Whereas first approaches to interactive explainable systems are currently being developed [18], little is known about the empirical basis for how to involve the explainee in an explanatory sequence. To design XAI systems more adaptable to the demands of human agents, studying the co-construction of naturally occurring explanations may provide helpful insight. Our investigation of naturally occurring everyday explanations indicates that co-construction implies an involvement of explainees at any time during the unfolding explanation. Even though our investigation is of explorative nature, the development of XAI systems might benefit from our results already. They could take the co-constructive nature of naturally occurring everyday explanations more into account: A first step could involve the implementation of alternating monological and dialogical phases during the explanatory sequence. We suggest that XAI might go even further by not only allowing humans to ask questions in the dialogical phases but also by providing them with the agency to intervene at any phase, or at least to initiate the dialogical phases.

A second step would build on existing research into the global structure of explanations described in terms of five subsequent and mutually accomplished organizational jobs. Using this structure as a modelling base for explanations, XAI could offer more fine-tuned adaptation opportunities for human agents’ demands. Accordingly, they could intervene and initiate dialogical phases when they consider them appropriate or necessary. In addition, monitoring the core job and a form of synthesis of both partners’ contributions could allow for a meaningful and co-constructed extension or reorganization of the explanandum. This way, an XAI could achieve a progressive adaptation of the explanation to the explainee, increasing understanding of the explanandum.
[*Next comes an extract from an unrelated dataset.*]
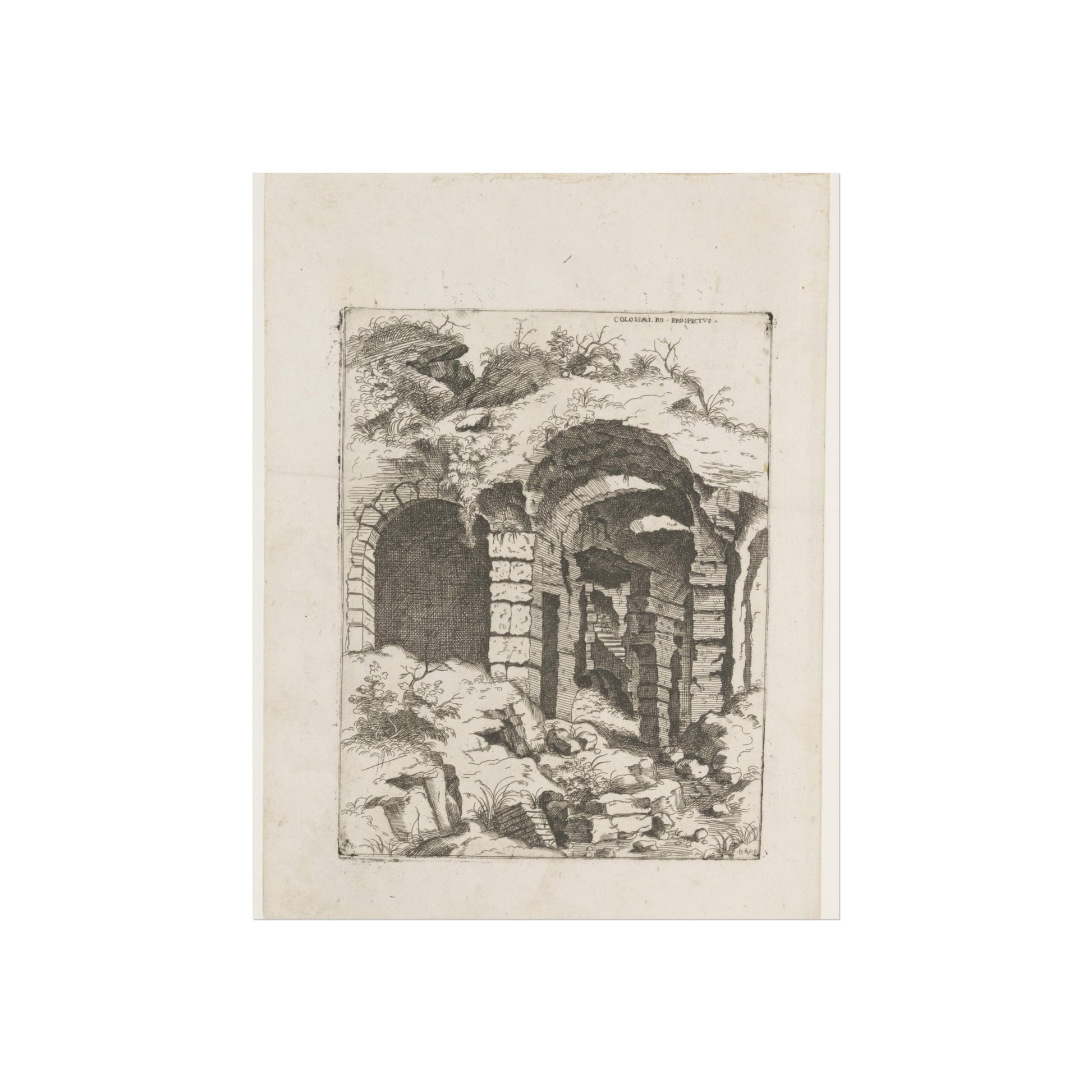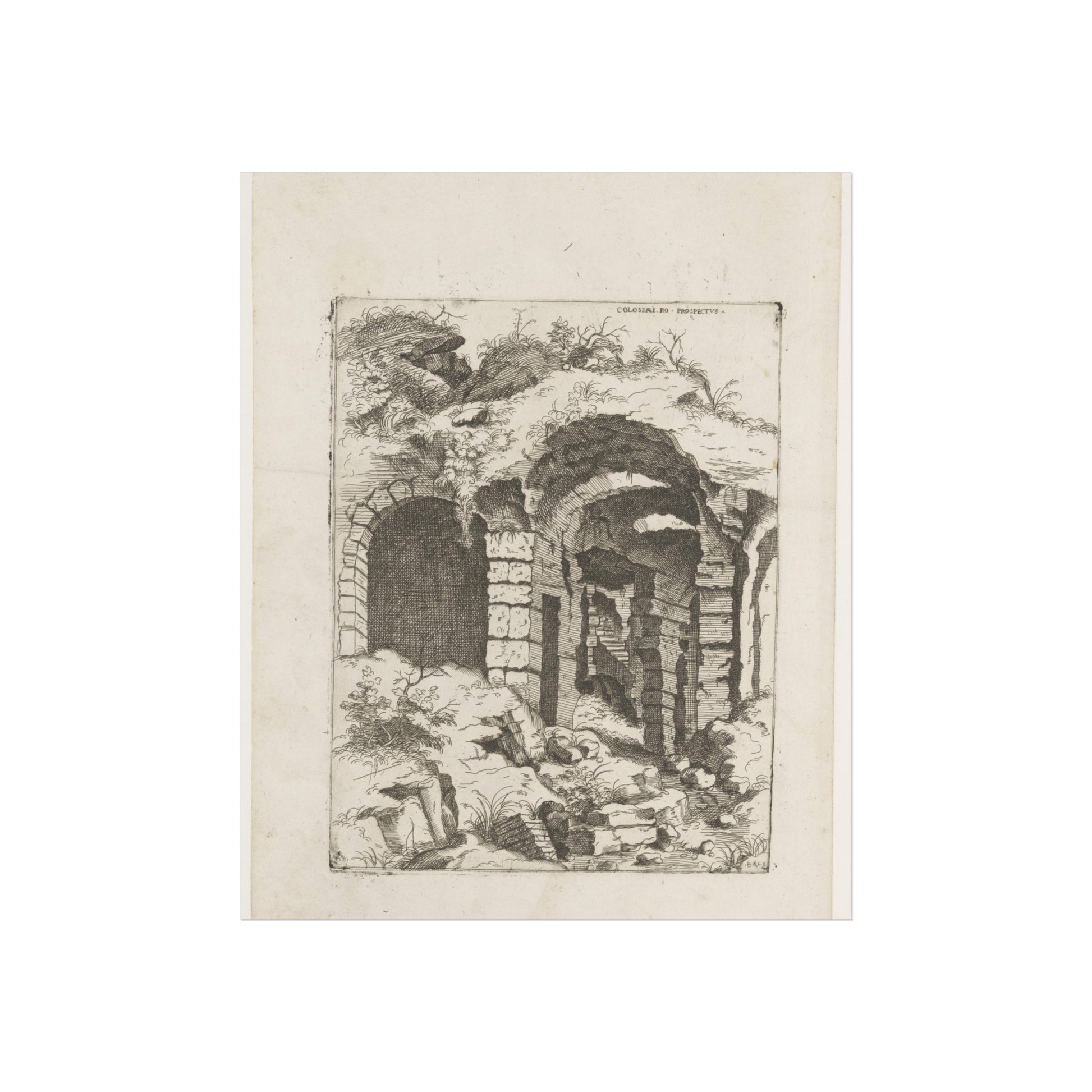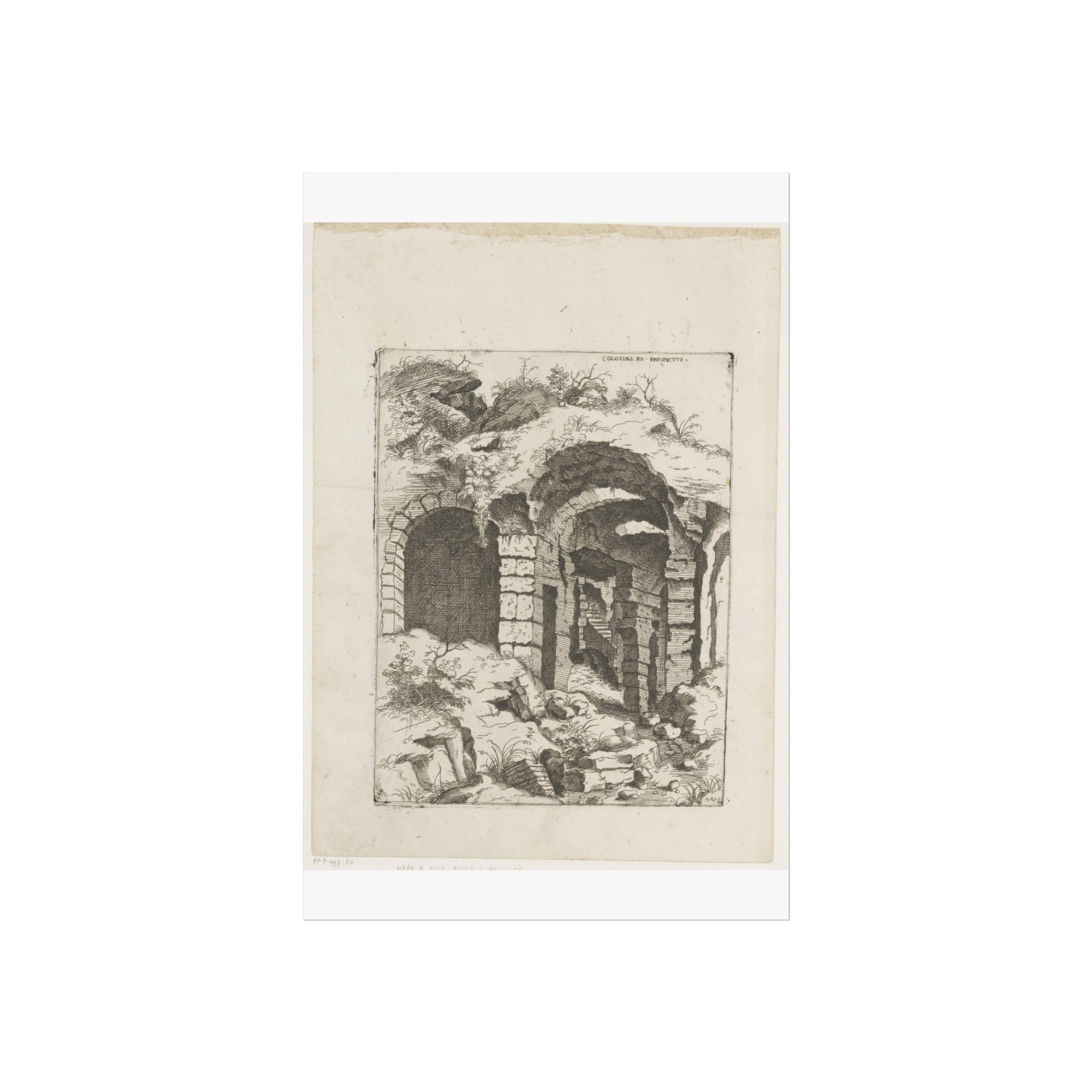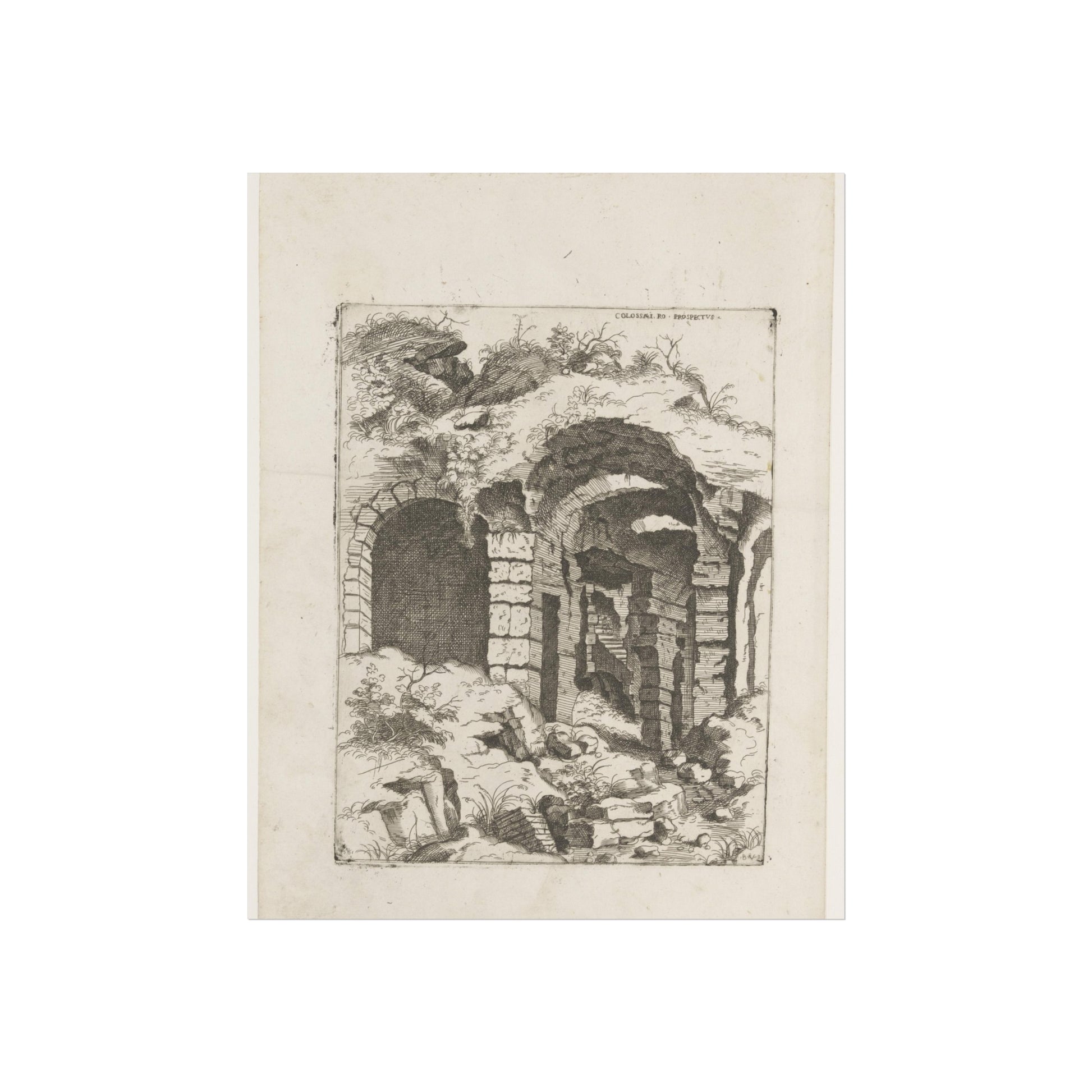 This captivating artwork presents a unique perspective on the remnants of Rome's iconic Colosseum. The artist, Giovanni Battista Pittoni, skillfully captures the timeless beauty and historical significance of this ancient wonder. The title, inscribed in Latin at the top right, adds a touch of authenticity and intrigue to the piece.
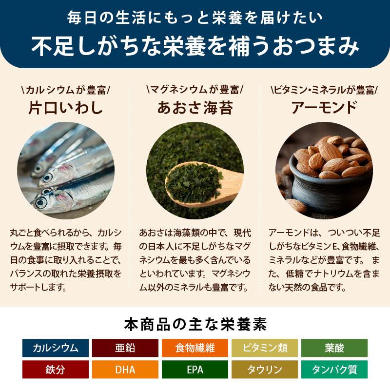食べだしたら止まらない!海の香りが広がるあおさ小魚と、アーモンドが加わったあおさ小魚アーモンド。カルシウム、ミネラル、食物繊維など栄養満点。安心安全な国産小魚。

To conclude, based on first exploratory empirical results, modeling could thus take both the alternation of monological and dialogical phases during the explanatory sequence and their relation to its global structure into consideration. As a result, an XAI system could be designed to be more adaptive as it would enable the human to take part in the explanation more actively. Further research is needed to test our assumptions and to provide XAI with detailed information on the composition of jobs regarding the systematics of alternating monological and dialogical phases.